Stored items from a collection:
/---

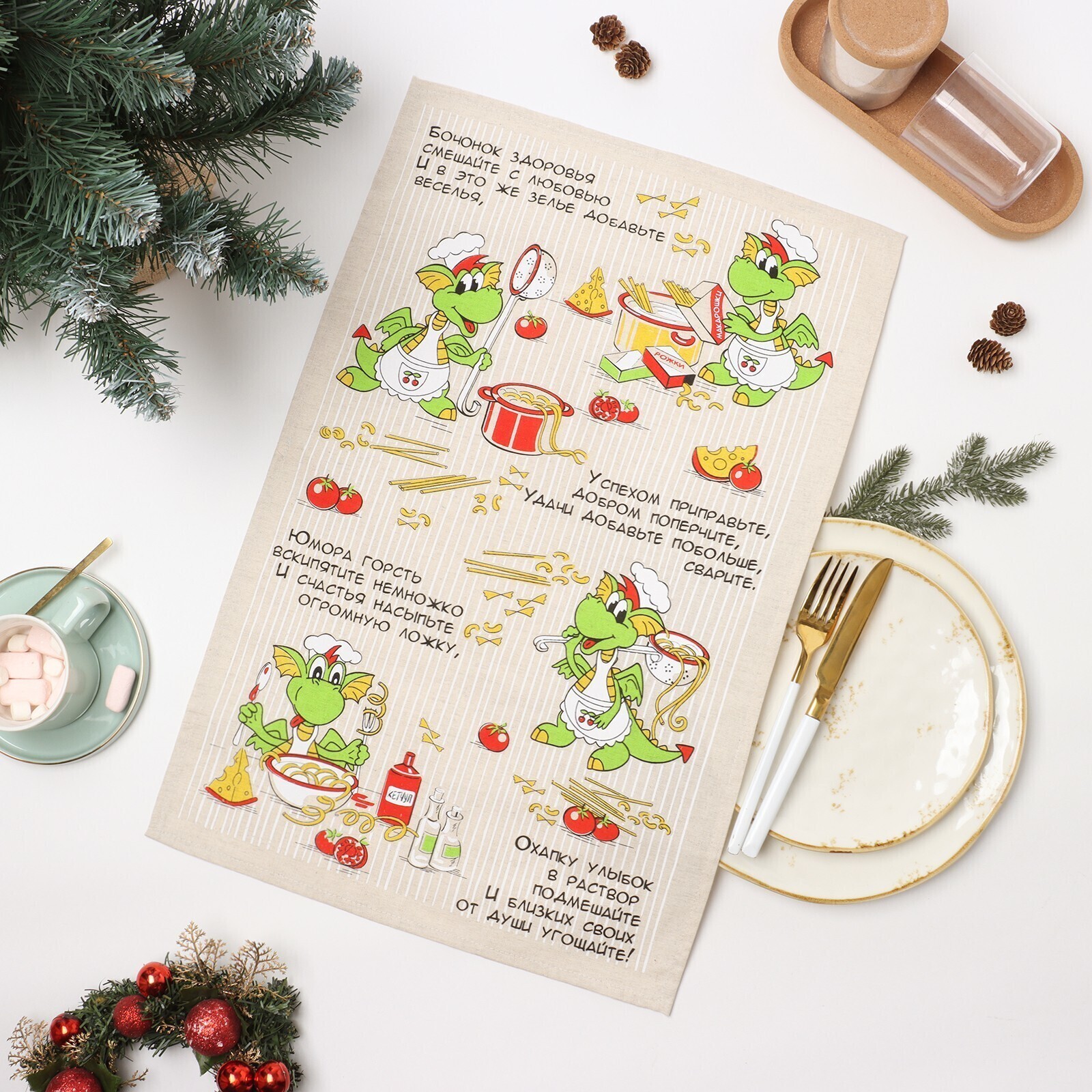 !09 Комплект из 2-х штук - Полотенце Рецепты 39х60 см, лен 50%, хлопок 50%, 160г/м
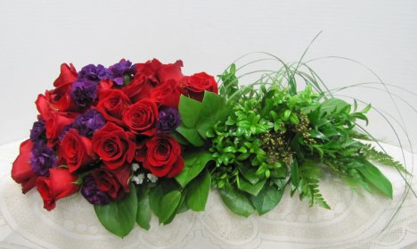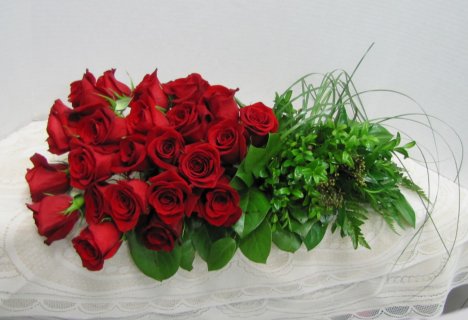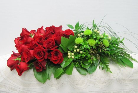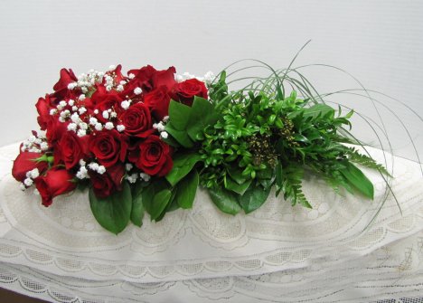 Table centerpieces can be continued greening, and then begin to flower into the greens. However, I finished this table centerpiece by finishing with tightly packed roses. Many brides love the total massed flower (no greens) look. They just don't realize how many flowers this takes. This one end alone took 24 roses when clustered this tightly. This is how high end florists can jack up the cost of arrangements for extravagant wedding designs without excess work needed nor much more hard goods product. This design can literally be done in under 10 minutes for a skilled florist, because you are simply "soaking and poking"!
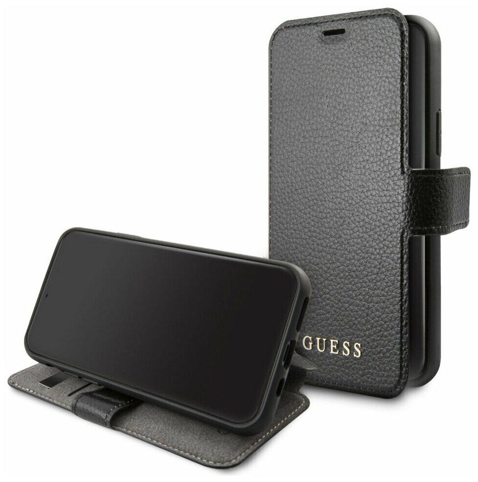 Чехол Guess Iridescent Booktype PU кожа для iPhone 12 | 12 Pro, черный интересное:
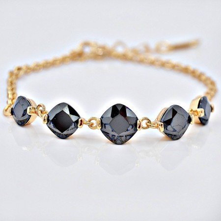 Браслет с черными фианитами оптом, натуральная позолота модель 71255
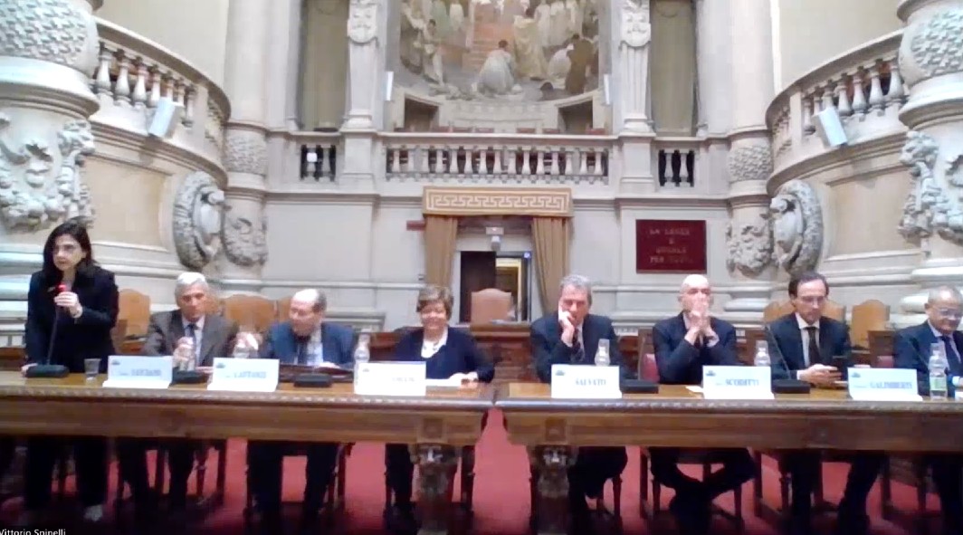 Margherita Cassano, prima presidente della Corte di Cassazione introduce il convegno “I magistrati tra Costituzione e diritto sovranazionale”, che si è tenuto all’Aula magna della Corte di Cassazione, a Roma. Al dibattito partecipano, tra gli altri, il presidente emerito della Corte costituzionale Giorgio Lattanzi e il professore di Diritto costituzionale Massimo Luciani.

\---

ABOUT THIS TASK ->
Exclude the pictures and give back the rest of the data above exactly as written.

RESPONSE TO THE TASK ->
 !09 Комплект из 2-х штук - Полотенце Рецепты 39х60 см, лен 50%, хлопок 50%, 160г/м
 Table centerpieces can be continued greening, and then begin to flower into the greens. However, I finished this table centerpiece by finishing with tightly packed roses. Many brides love the total massed flower (no greens) look. They just don't realize how many flowers this takes. This one end alone took 24 roses when clustered this tightly. This is how high end florists can jack up the cost of arrangements for extravagant wedding designs without excess work needed nor much more hard goods product. This design can literally be done in under 10 minutes for a skilled florist, because you are simply "soaking and poking"!
 Чехол Guess Iridescent Booktype PU кожа для iPhone 12 | 12 Pro, черный интересное:
 Браслет с черными фианитами оптом, натуральная позолота модель 71255
 Margherita Cassano, prima presidente della Corte di Cassazione introduce il convegno “I magistrati tra Costituzione e diritto sovranazionale”, che si è tenuto all’Aula magna della Corte di Cassazione, a Roma. Al dibattito partecipano, tra gli altri, il presidente emerito della Corte costituzionale Giorgio Lattanzi e il professore di Diritto costituzionale Massimo Luciani.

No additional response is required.